Instead, we use the CREATE TABLE
statement and supply it with a list of column headers and data types:
CREATE TABLE "the_table_name"(
"column_1" DATATYPE,
"column_2" ANOTHER_DATATYPE
);
For our current scenario, we need a table with 3 columns. If you're using the DB Browser for SQLite client, you can click on the Database Structure to see the structure of the babynames_2014
table:
You can guess there's only one thing we need to change for our current purpose. But re-type the CREATE TABLE
statement manually, you'll find it it's easier than it seems:
CREATE TABLE "babynames_1980"(
"name" TEXT,
"sex" TEXT,
"babies" INTEGER
);
Then execute it as you would any other query. Refreshing the database structure view should show a new table.

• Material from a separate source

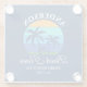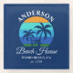 Family Name Beach House Sun Palm Trees Blue Glass Coaster

SQLite is pretty laid back about data types. Other flavors of SQL have many kinds of text and number data types. According to the SQLite documentation, there are only 5 official column types. And only 3 of these we currently care about:
INTEGER
- basically, whole numbers.REAL
- numbers with decimal places.TEXT
- Besides holding alphabetical and other kinds of textual characters. Any numbers in a TEXT
column are "converted into text form before being stored", though I honestly couldn't tell you what effect that will have in SQLite (other languages are much more pickier)…I don't think we need to focus too much on this right now. We can create tables in SQL, and there's a certain syntax for it. Refer back to the documentation when you need to, but creating tables is a relatively infrequent situation.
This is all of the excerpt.